## Records from a data source
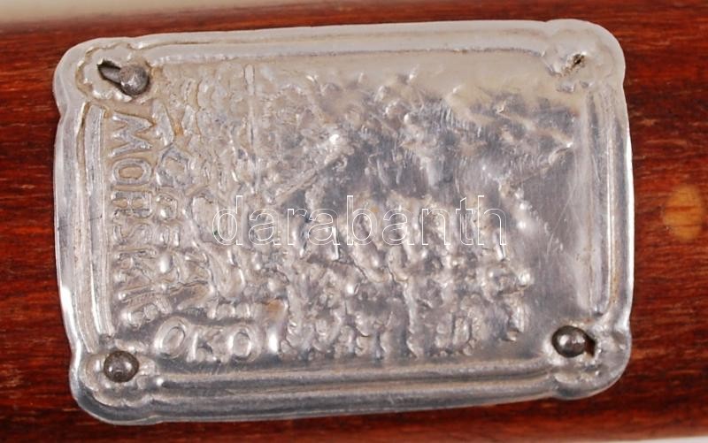 Díszített fa fokos bot, Morskie Oko fém jelvénnyel, gumi talppal, tetején sérült, h:89 cm
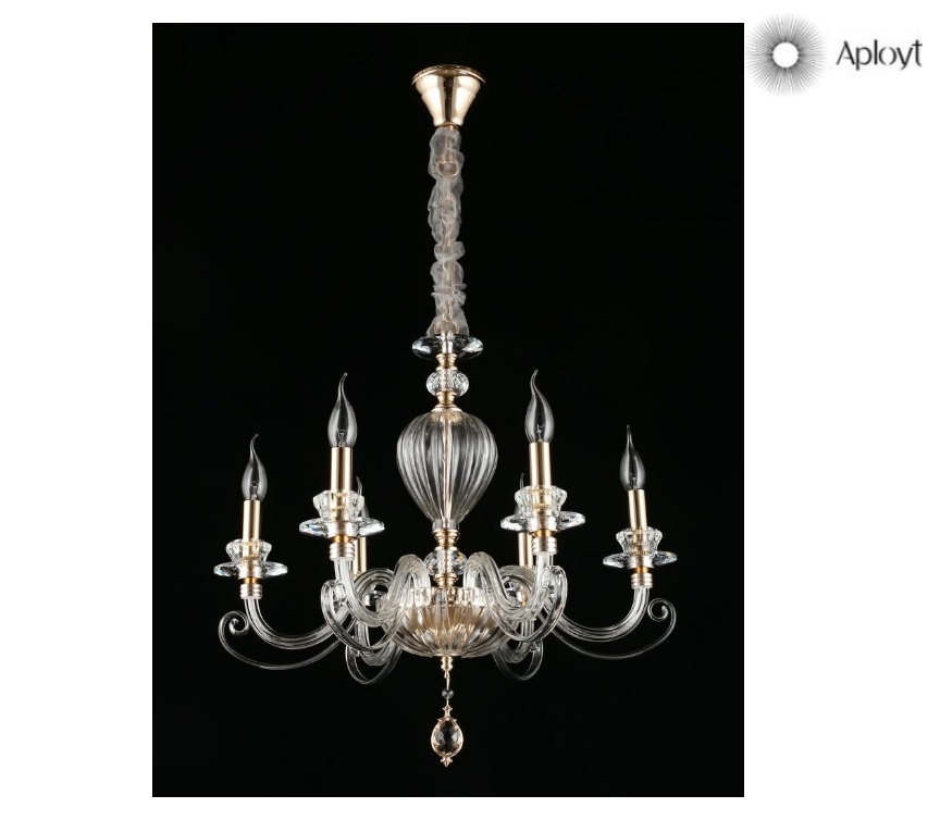 Изящная, сияющая при включении люстра из коллекции Daniele- украшение современного интерьера. Золотой глянец в отделке металлических деталей в сочетании с прозрачными стеклянными плафонами, подвесками и декоративными фигурными элементами, бликующими многочисленными гранями создают торжественность и легкость в помещении. Длина подвеса 80 см. Произведена в Гонконге.
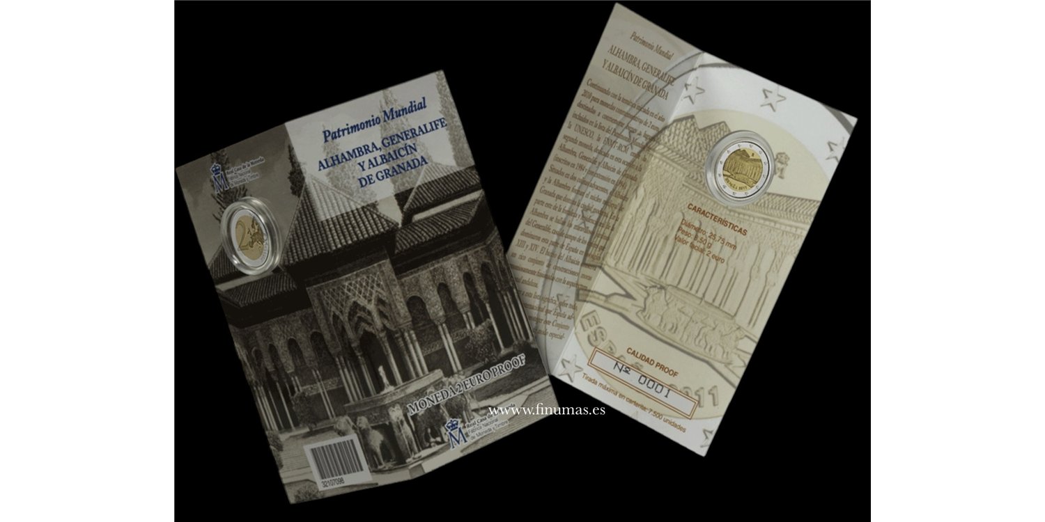Moneda de 2 euro conmemorativa, acuñada en calidad proof, se presenta en una elegante carterita numerada que protege la moneda y, al mismo tiempo, permite la perfecta visualización de ambas caras de la misma. En el anverso de dicha moneda, se reproduce una imagen del Patio de los Leones, en conmemoracion de la Alhambra, Generalife y Albaicin de Granada.
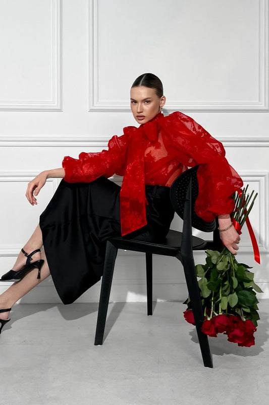 Hulda Lace Bow Tie Lantern Sleeve Blouse
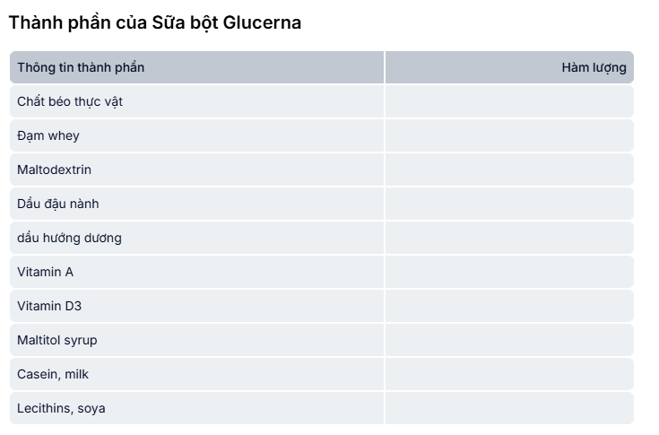 Glucerna chứa nhiều thành phần có lợi hỗ trợ kiểm soát đường huyết
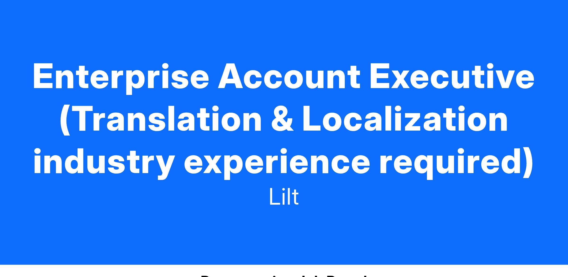 LILT is growing quickly and the Enterprise Account Executive role is core to our success. We are looking for a driven, hard-working, and adaptable sales professional who will propel us to new milestones by leveraging their skills, qualities, and experiences to grow our commercial footprint. You will achieve this by selling our platform and services to new customers while also supporting our Strategic Account Executives to expand partnerships with larger customers.
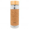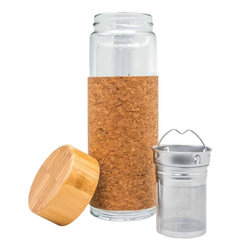 Топлоустойчива двустенна стъклена бутилка за чай, с инфузер, филтър и корков протектор, проектирана да поддържа с часове температурата на любимата Ви ароматна напитка, без значение дали я обичате гореща или студена.
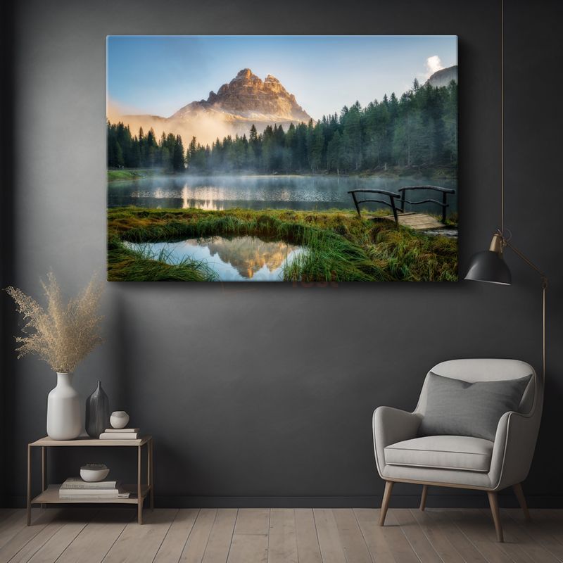 Sisli Göl - Dağ Eteklerinde Huzur Veren Doğa Manzarası Kanvas Tablo

## WHAT YOU HAVE TO DO
Return the entries verbatim, pictures excluded.

## EXERCISE RESPONSE
 Díszített fa fokos bot, Morskie Oko fém jelvénnyel, gumi talppal, tetején sérült, h:89 cm
 Изящная, сияющая при включении люстра из коллекции Daniele- украшение современного интерьера. Золотой глянец в отделке металлических деталей в сочетании с прозрачными стеклянными плафонами, подвесками и декоративными фигурными элементами, бликующими многочисленными гранями создают торжественность и легкость в помещении. Длина подвеса 80 см. Произведена в Гонконге.
Moneda de 2 euro conmemorativa, acuñada en calidad proof, se presenta en una elegante carterita numerada que protege la moneda y, al mismo tiempo, permite la perfecta visualización de ambas caras de la misma. En el anverso de dicha moneda, se reproduce una imagen del Patio de los Leones, en conmemoracion de la Alhambra, Generalife y Albaicin de Granada.
 Hulda Lace Bow Tie Lantern Sleeve Blouse
 Glucerna chứa nhiều thành phần có lợi hỗ trợ kiểm soát đường huyết
 LILT is growing quickly and the Enterprise Account Executive role is core to our success. We are looking for a driven, hard-working, and adaptable sales professional who will propel us to new milestones by leveraging their skills, qualities, and experiences to grow our commercial footprint. You will achieve this by selling our platform and services to new customers while also supporting our Strategic Account Executives to expand partnerships with larger customers.
 Топлоустойчива двустенна стъклена бутилка за чай, с инфузер, филтър и корков протектор, проектирана да поддържа с часове температурата на любимата Ви ароматна напитка, без значение дали я обичате гореща или студена.
 Sisli Göl - Dağ Eteklerinde Huzur Veren Doğa Manzarası Kanvas Tablo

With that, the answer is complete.